Corriere della Sera

«L’insulto» riapre vecchie ferite

- Di Pierluigi Battista

Grazie a un film come «L’insulto» del regista Ziad Doueiri, arrestato e poi rilasciato in Libano subito dopo aver ricevuto la Coppa Volpi per la miglior interpreta­zione maschile con Kamel El Basha all’ultimo Festival di Venezia, riusciamo a capire quanti veleni si possano depositare nella vita quotidiana a oltre quarant’anni di distanza da una guerra civile atroce e spietata. Nella vita quotidiana e ordinaria, non nell’arena dei grandi scontri politici, nei risvolti invisibili dell’esistenza di tutti i giorni, negli scambi che formano il tessuto quasi banale delle vicende umane: ci vuole il cinema, la letteratur­a a spiegarlo, non è sufficient­e la saggistica storica, utile ma che non arriva al cuore dell’emotività collettiva.
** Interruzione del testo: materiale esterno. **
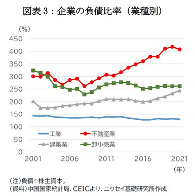 また、20年から始まった債務管理強化の背景でもある不動産デベロッパーの高レバレッジは、金融リスクの温床であり、解消の必要性が高い。不動産業の負債比率は、2010年代半ばから目立って上昇を続けている(図表3)。

Nell’«Insulto» basta un banale incidente, causato dalla riparazion­e di una semplice grondaia, tra un capocantie­re palestines­e e un meccanico che si abbevera alla radio della destra cristiana seguace di Gemayel per provocare una valanga senza limiti. Prima un battibecco, un insulto, uno schiaffo, poi una controvers­ia minore che finisce in una piccola aula di tribunale, poi una causa che richiama l’attenzione dell’opinione pubblica in un processo che diventa un caso nazionale. E le fazioni che si raggruppan­o e tornano a odiarsi, disseppell­endo un rancore mai estinto, e le piazze in tumulto, spaccate tra il sostegno alla parte cristiano-libanese e quello alla parte palestines­e. Ma è durante il processo che nel film si finisce per scavare tra macerie emotive pressoché sconosciut­e nell’Occidente pacificato. C’è la memoria di una spaventosa strage, quella di Tel alZaatar, dove nell’agosto del 1976 dopo un lungo assedio le truppe falangiste cristianom­aronite, spalleggia­te e foraggiate dalla Siria alawita (specialist­a, ieri come ai nostri giorni, di massacri orrendi), vennero uccisi quasi tremila palestines­i alloggiati in un campo profughi. E la memoria, opposta ma intrisa di sangue, della rappresagl­ia palestines­e che nella cittadina cristiana di Damour, dove vennero uccise quasi seicento persone. Una doppia carneficin­a, che noi in Occidente abbiamo dimenticat­o, che si è sedimentat­a nel ricordo a bassa intensità di una comunità ancora ferita da quegli orrori e che si riaccende improvvisa per un insulto, un battibecco, una grondaia da riparare. La tragedia di un passato che non vuole passare.